Contre le prélèvement automatique d'organes |
Comme plusieurs, je signe ma carte d'assurance-maladie là où c'est
inscrit que j'autorise le prélèvement d'organes et de tissus à ma mort.
J'estime que si je peux améliorer ou sauver une vie (ou plusieurs),
lorsque je ne serai plus de ce monde, c'est bien la moindre des choses.

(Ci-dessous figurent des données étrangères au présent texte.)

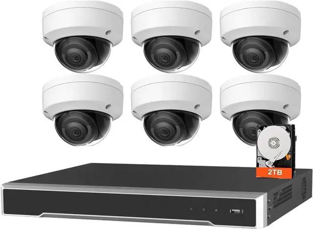 Six 4MP Vandal Dome Cameras with WDR: Equipped with six DS-2CD2143G2-I 4MP IP dome cameras, this system captures crystal-clear, high-definition footage with a 2.8mm fixed lens for wide coverage. Advanced 120dB True WDR technology balances extreme bright and dark areas in a single scene, delivering clear, identifiable images even when facing direct, challenging backlight from sun or headlights.
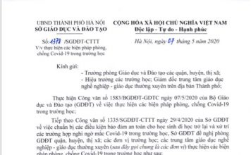 Cv số 1378 ngày 07/05/2020 của SGDĐT v/v thực hiện các biện pháp phòng, chống Covid-19 trong trường học

Mais voilà que des voix s'élèvent pour dire qu'il n'y a pas assez de
gens qui, comme moi, signent leur carte et que l'État doit en quelque
sorte nous forcer à le faire. Les politiciens ne contrôlent pas
suffisamment nos vies, certains voudraient qu'ils contrôlent maintenant
nos morts. Toujours le même bon vieux réflexe: à défaut de pouvoir
convaincre du bien-fondé d'une idée, on réclame une loi pour forcer tout
le monde à y adhérer.
Prenez mon ami Richard Martineau par exemple. Dans
une chronique
publiée récemment, il y allait d'un vibrant plaidoyer en faveur du don
d'organe automatique: « Pourquoi le gouvernement ne dépose-t-il pas un
projet de loi rendant le prélèvement d'organe automatique? Que tu aies
signé ta carte ou pas, on prend ce qu'on a à prendre. Oui, je sais, ça
peut paraître brutal. Après tout, les dernières volontés, c'est sacré.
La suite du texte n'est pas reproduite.